Vous savez cela au fond de vous et malgré tout, certains d’entre vous iront le jour J déposer leur bulletin en faveur de l’adversaire de LePen, quel qu’il soit : par peur du changement ou par peur du jugement, peu importe ; rendez-vous compte ces gens là ont réussi à faire passer dans votre ordre de priorité l’image que vous renvoyez aux autres (ou pensez renvoyer aux autres) avant votre sécurité et celle de votre famille. Si ça n’est pas là l’étape ultime du contrôle des pensées et de la manipulation Étatique, je ne sais pas ce que c’est.

En ce qui me concerne, l’image que je peux renvoyer aux autres je m’en fous royalement et ce d’une façon telle que je pense que vous avez du mal à la concevoir : essayez donc la « mission survie » lors d’un attentat suicide, vous verrez ça lève la plupart des inhibitions. Blague à part, il est évident qu’aujourd’hui plus que jamais, je place la sécurité et la survie de ma famille, de mon peuple avant tout le reste. Et par tout le reste, j’entends vraiment tout le reste, au sens large.

En guise de conclusion, je tends à penser que la seconde partie de mon titre (« pourquoi je vous en voudrai… ») se déduit logiquement de la liste d’arguments que je viens de vous dévoiler : encore une fois je peux comprendre qu’on ne raisonne pas EXACTEMENT comme moi, n’ayant pas vécu la même chose, mais par contre je ne peux accepter que vous ne donniez pas de crédit suffisant à mes propos pour bien vouloir confier les rennes du pays pendant 5 ans à un parti nationaliste : 5 ans bordel ! Au pire si vous vous êtes plantés et que le FN ne respecte pas ses engagements, il n’y a pas mort d’homme. Comment la situation pourrait-elle être pire qu’aujourd’hui ??

Bref, si vous ne me suivez pas dans mon vote, comprenez bien que je ne pourrai pas m’empêcher de vous en vouloir pour toutes les raisons suscitées : ceci ne constitue évidemment en rien une quelconque menace, je sais très bien que quelque soit la pertinence de mes écrits, ils ne convaincront pas les plus irréductibles d’entre vous. Non, plutôt qu’une menace, voyez simplement ça comme une explication détaillée et ce de façon préventive : si à l’avenir d’aucuns s’étonnent de ma relative indifférence, du fait que je les rappelle moins voir plus du tout, je leur dirai simplement : « Lisez ce billet ; si vous ne l’aviez pas fait avant, vous comprenez maintenant. »

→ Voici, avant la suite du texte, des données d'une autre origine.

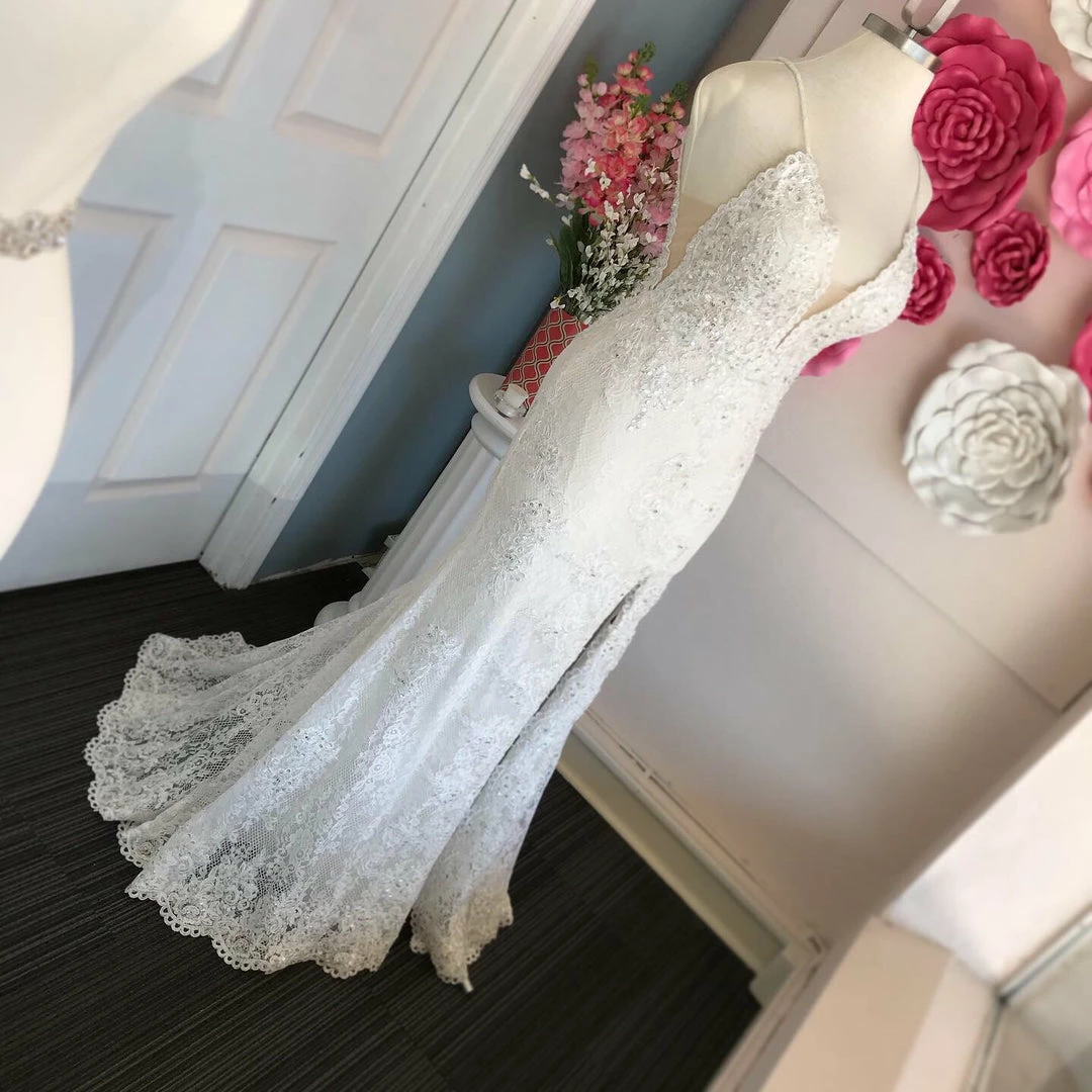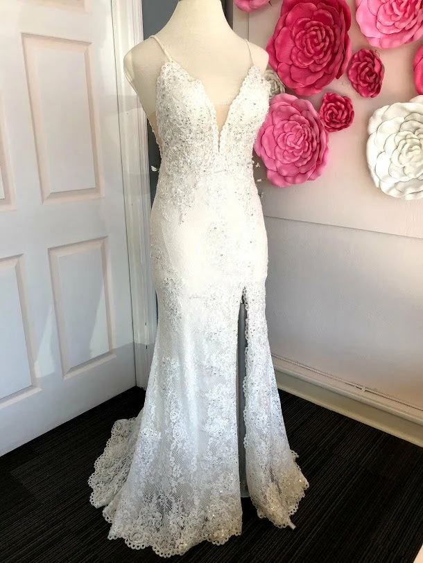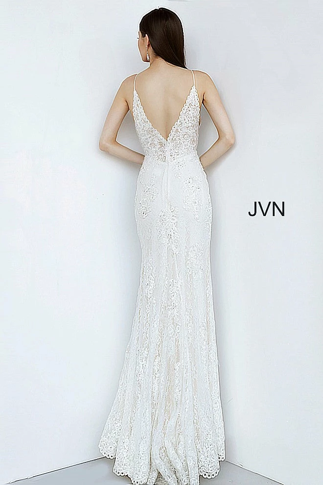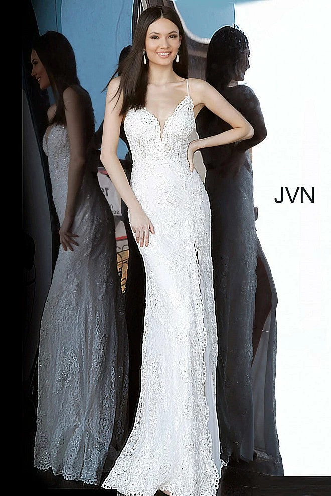 Jovani JVN00864 is an absolute stunner! Long Fitted Prom Dress or Unique Sexy Wedding Dress. Delicately Embellished Lace with a Plunging neckline & High Slit with scallop lace edges. Spaghetti straps with a slightly sheer lace bodice. JVN 00864

Quoi qu’il en soit et que les choses soient claires une bonne fois pour toutes : je considèrerai le vote anti-FN comme un vote collaborationniste (rien de moins) ainsi qu’une insulte et un crachat au visage de toutes les victimes d’attentat dont je fais partie. Dernier point et pas des moindres, sachez que si vous allez jusqu’à voter pour Macron, vous voterez pour le digne successeur d’Hollande à savoir le chef de ce gouvernement socialiste que je tiens pour coresponsable des évènements du 13 novembre (voir à ce sujet cet autre post : https://levraivisagedelafrance.wordpress.com/2016/09/30/la-gauche-ma-tuer/). Autant dire que si vous votez pour le fils spirituel de celui qui a contribué à la situation ayant failli provoquer ma mort, je peux difficilement envisager pire trahison de votre part. Si vous faites ce choix, si vous optez pour l’adversaire du FN, sachez que je n’oublierai pas et que je ne pardonnerai pas. Je pèse mes mots : ne venez pas me dire que vous n’aurez pas été prévenus.